When people ask What Would Jesus Do, I remember how he hid in that cave for 3 days after people were so mean to him.
That’s more my speed.
I was really getting my act together–eating right, exercising regularly, looking hot, feeling strong, and doing good work. Then I woke up.
Finally a use for spoilers…
I remember when “Something’s eating up data.” meant that guy from Star Trek was deeply troubled.
you should always wash your sheets once a week in case they are really ghosts and need a shower
me: how bad is it
dr: nothing that can’t be fixed with some mild dietary restrictions and moderate exercise
[later]
wife: what did the doctor say
me: linda….i’m dying
My husband likes to watch The Bachelorette and I like to stare at him when he does
Friend, at my first Pride: are you disappointed?
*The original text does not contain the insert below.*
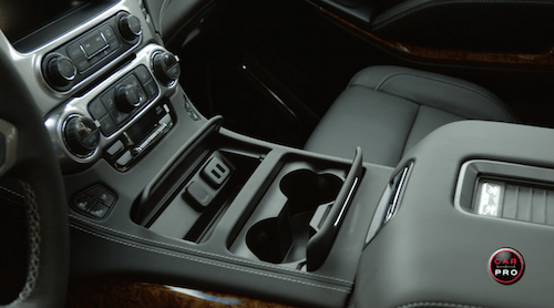 There is a large center console and armrest that has a built-in cell phone charger, a nice touch for sure. Up on the dash is Chevy’s MyLink screen that operates the Bose sound system, navigation, Bluetooth, real-time traffic and weather, the rear seat entertainment system, and the Apple CarPlay and AndroidAuto connections. One cool feature is there is a hidden compartment behind the touch screen operated by a push of a button.

Me, dressed as a lion: no it’s fine
[first day as a baker]
boss: open this door. you better not be making sculptures again
me: ahh [frantically trying to hide bread pitt and angelina doughlie] just a second
Irony. The opposite of wrinkly.
*suddenly pulls away from kissing* BUT WHERE DOES THE STORK GET THE BABY FROM?!?
So glad I don’t subtweet like SOME PEOPLE.
My kid lost his tooth eating a taco 2 weeks ago and we still haven’t found it.
He swears he didn’t swallow it and that it’s “just hiding.”
Yeah, hiding in the sewer.
Teenage Mutant Ninja Tooth.
Why would I pay for a haunted house when I can wake up to my kid silently standing by my bed at 5 AM.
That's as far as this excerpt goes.